With pictures left out, retype exactly the lines from the one containing "Αξίζει να σημειωθεί, πάντως, πως" through the final line of the entries.
____
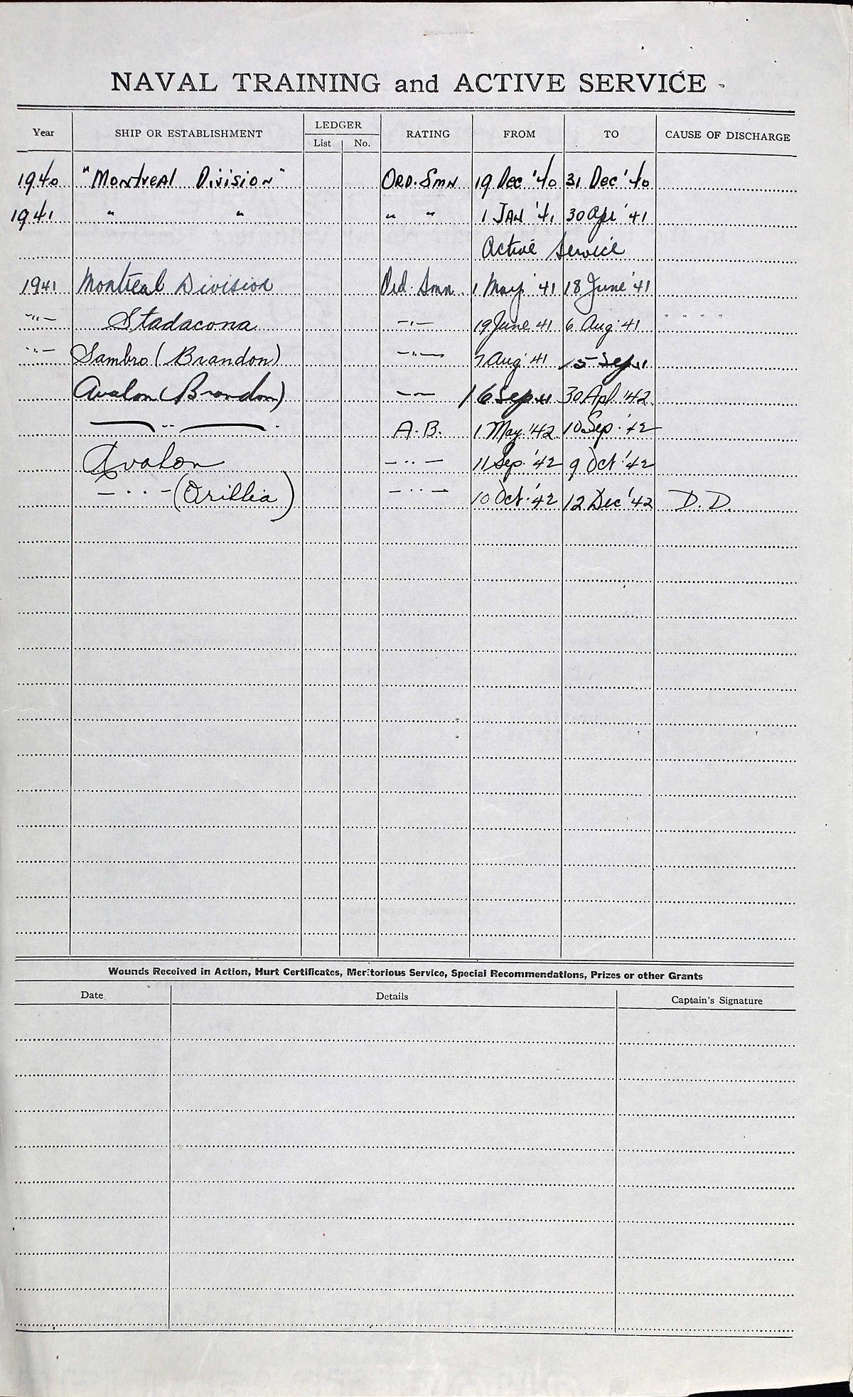 Ships served in: MONTREAL DIVISION RCNVR - Enlisted 19 Dec 1940. Commenced Active Service 01 May 1941 HMCS BRANDON - Served in BRANDON 07 Aug 1941 - 10 Sep 1942 as an OS and AB, RCNVR. Rated B 01 May 1942 HMCS ORILLIA - Drafted to ORILLIA 10 Oct 1942 as an AB, RCNVR
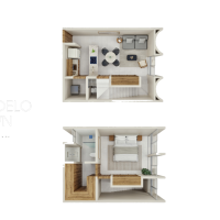 Este modelo se caracteriza por tener una habitación y estar distribuído en 2 pisos.
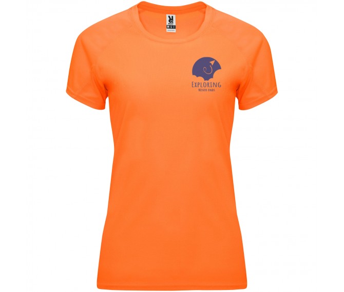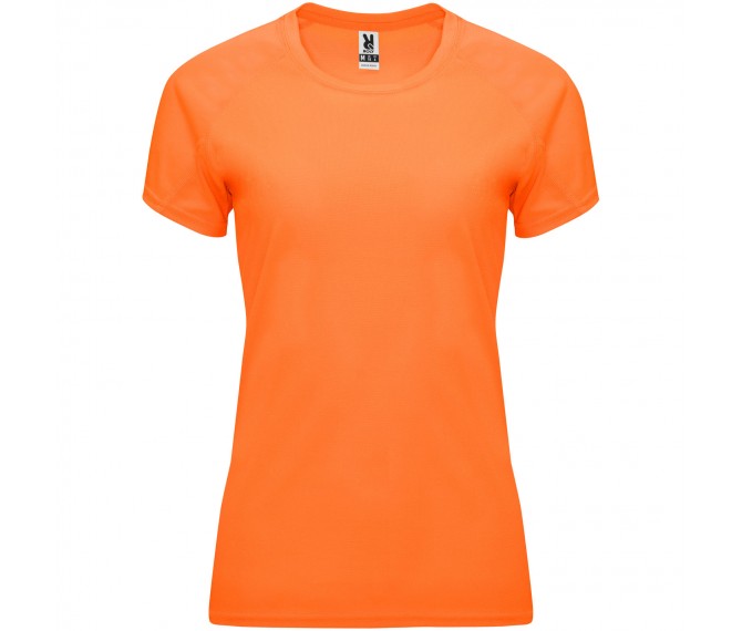 Technisch raglanshirt met korte mouwen voor dames. Ronde hals met bijpassende bedekte naden. Mouwpanelen. Bijpassende overlock in het armsgat en mouwpaneel. CONTROL-DRY-stof. Verwijderbaar etiket. Technische stof. Uv-beschermingsfactor. Het model is 173 cm en draagt maat S.
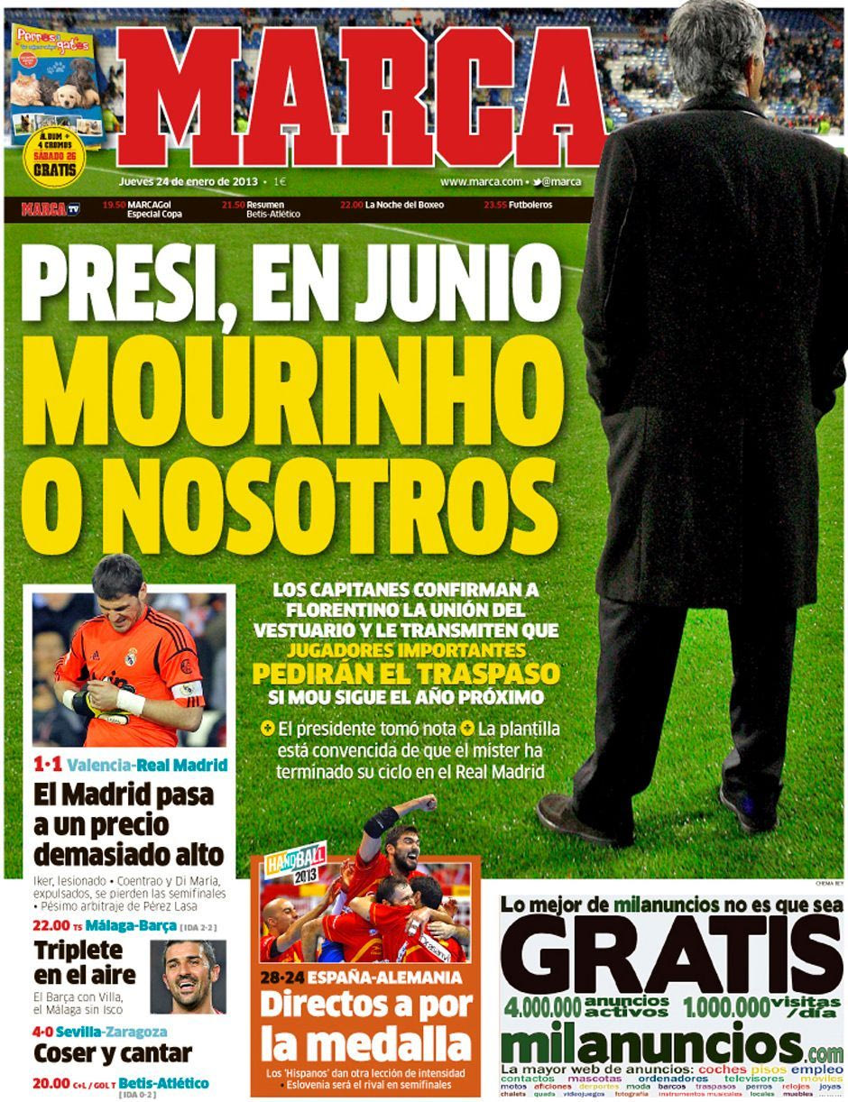 Αξίζει να σημειωθεί, πάντως, πως μετά τις φετινές αποτυχίες, η “Marca” έχει εναντιωθεί αρκετές φορές στον Πορτογάλο τεχνικό. Μετά από ορισμένες αμφιλεγόμενες δηλώσεις του, μάλιστα, του έχει ασκήσει δριμεία κριτική, με συνέπεια να τοποθετηθεί γρήγορα απέναντί του, κάτι που έχει αντιληφθεί κι ο ίδιος ο Μουρίνιο. Εξάλλου, σύσσωμος ο ισπανικός Τύπος θεωρεί ότι οποιαδήποτε κι αν είναι η κατάληξη της σεζόν για τη φετινή σεζόν, ο 49χρονος προπονητής θα αποτελέσει παρελθόν στο τέλος της σεζόν, παρότι ανανέωσε το συμβόλαιό του για 4 χρόνια το Μάιο του 2012, με πιθανότερο προορισμό την Αγγλία.
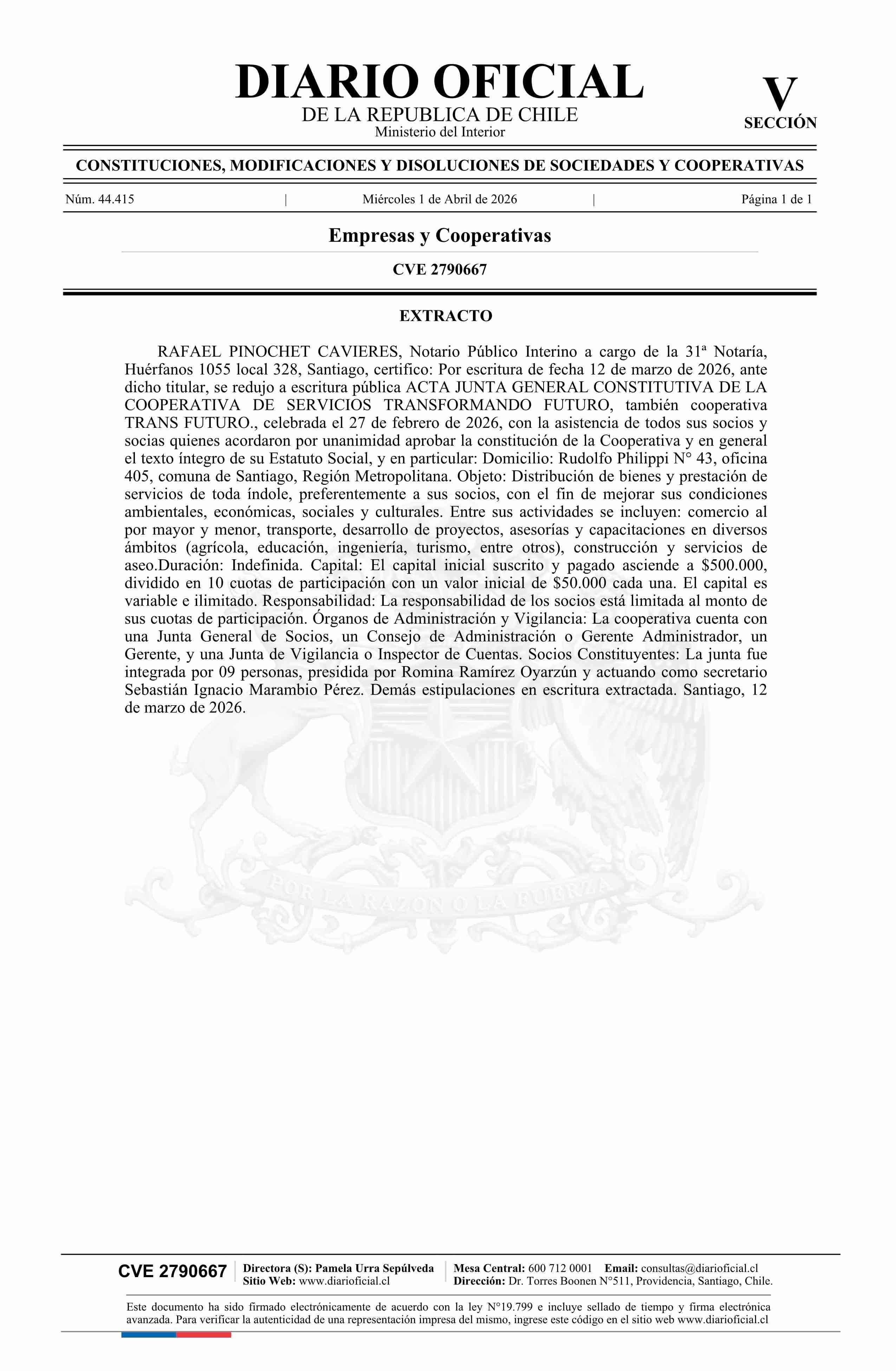 Título: COOPERATIVA DE SERVICIOS TRANSFORMANDO FUTURO
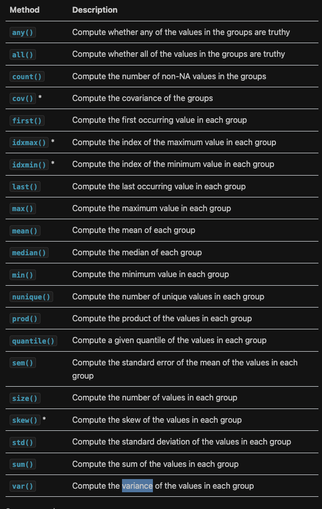그룹화하고 나서 각 컬럼에 대해 어떤 집계를 하고 싶을 때 유용한 함수가 있었다.
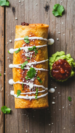 Tasty Mexican burrito with guacamole, sour cream, and fresh cilantro on a wooden background, perfect for food and restaurant concepts.
____
SOLUTION FOR THIS PROBLEM:
 Αξίζει να σημειωθεί, πάντως, πως μετά τις φετινές αποτυχίες, η “Marca” έχει εναντιωθεί αρκετές φορές στον Πορτογάλο τεχνικό. Μετά από ορισμένες αμφιλεγόμενες δηλώσεις του, μάλιστα, του έχει ασκήσει δριμεία κριτική, με συνέπεια να τοποθετηθεί γρήγορα απέναντί του, κάτι που έχει αντιληφθεί κι ο ίδιος ο Μουρίνιο. Εξάλλου, σύσσωμος ο ισπανικός Τύπος θεωρεί ότι οποιαδήποτε κι αν είναι η κατάληξη της σεζόν για τη φετινή σεζόν, ο 49χρονος προπονητής θα αποτελέσει παρελθόν στο τέλος της σεζόν, παρότι ανανέωσε το συμβόλαιό του για 4 χρόνια το Μάιο του 2012, με πιθανότερο προορισμό την Αγγλία.
 Título: COOPERATIVA DE SERVICIOS TRANSFORMANDO FUTURO
그룹화하고 나서 각 컬럼에 대해 어떤 집계를 하고 싶을 때 유용한 함수가 있었다.
 Tasty Mexican burrito with guacamole, sour cream, and fresh cilantro on a wooden background, perfect for food and restaurant concepts.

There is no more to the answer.